The argument blend = TRUE is used to combine the diagrams according to the equilibrium activities of the basis species by themselves (see below). The smooth transitions between basis species cause the appearance of curved lines on the plot. Without that argument, the diagrams would be combined using the dominant basis species, and all of the line segments would be straight.

We have seen the effects of speciation of S in the basis species. However, the choice of other basis species can also affect the diagram. For instance, we can use H2 or O2 in place of e-. To do that, let’s write a function to swap those basis species and make a diagram. We use R’s do.call() to construct the argument list for mosaic(); this way, the name of the newvar argument to our function indicates the chosen variable.

mosaicfun <- function(newvar, T = 200) {
  swap.basis("e-", names(newvar))
  if (names(newvar) == "O2") basis("O2", "gas")
  mosaicargs <- c(list(bases), blend=TRUE, pH=list(c(-2, 12, res)), newvar, T=T)
  m1 <- do.call(mosaic, mosaicargs)
  diagram(m1$A.species, lwd = 2, fill = rev(topo.colors(10)),
          limit.water = FALSE)
  diagram(m1$A.bases, add = TRUE, col = "blue", col.names = "blue", lty = 3,
          limit.water = FALSE)
  swap.basis(names(newvar), "e-")
}
par(mfrow = c(1, 3))
mosaicfun(list(Eh = c(-1, 1, res)))
mosaicfun(list(H2 = c(-15, 5, res)))
mosaicfun(list(O2 = c(-70, 0, res)))
Different projections (defined by the basis species) of the same thermodynamic system.

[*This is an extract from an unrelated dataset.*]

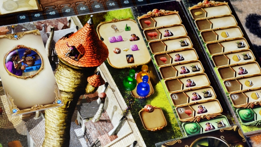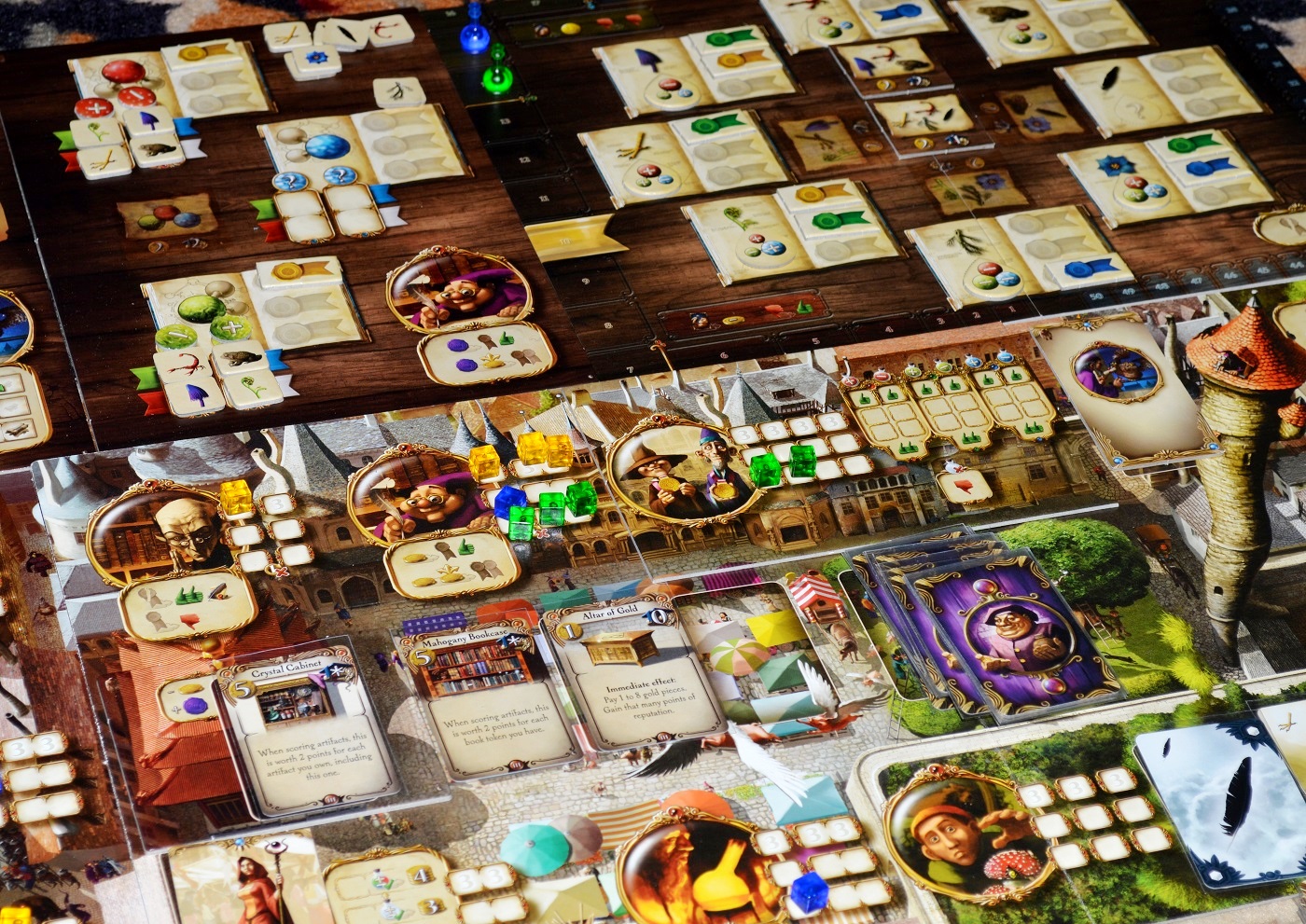 • артефактами – да-да, вы не ослышались, если повезёт, то начнёте игру сразу с сапогами-скороходами! Есть две карты, которые дают артефакты. Первая разрешает взять любой из невыбранных на игру артефактов первого уровня, потеряв при этом до семи очков (зависит от стоимости артефакта). Вторая карта с артефактом позволяет взять невыбранный на игру артефакт третьего уровня, не показывая его остальным игрокам до финального подсчёта. При этом вы можете дополнительно получить до четырёх очков репутации (зависит от стоимости артефакта).

Different projections (defined by the basis species) of the same thermodynamic system.

T, P, activity transects

Above, we used evenly-spaced grids of chemical activities of basis species; the ranges of variables were given by two or three values (minimum, maximum, and optionally resolution). affinity() can also perform calculations along a transect, i.e. a particular path along one or more variables. A transect is calculated when there are four or more values assigned to the variable(s). Let’s use this feature to calculate affinities (negative Gibbs energies) of methanogenesis and biosynthetic reactions in a hydrothermal system.

Some results of mixing calculations for seawater and vent fluid from the Rainbow hydrothermal field, calculated using EQ3/6 by Shock and Canovas (2010Shock E, Canovas P. 2010. The potential for abiotic organic synthesis and biosynthesis at seafloor hydrothermal systems. Geofluids 10(1-2): 161–192. doi: 10.1111/j.1468-8123.2010.00277.x), are included in a data file in CHNOSZ. Reading the file with R’s read.csv(), we set check.names = FALSE to preserve the NH4+ column name (which is not a syntactically valid variable name):

file <- system.file("extdata/cpetc/SC10_Rainbow.csv", package = "CHNOSZ")
rb <- read.csv(file, check.names = FALSE)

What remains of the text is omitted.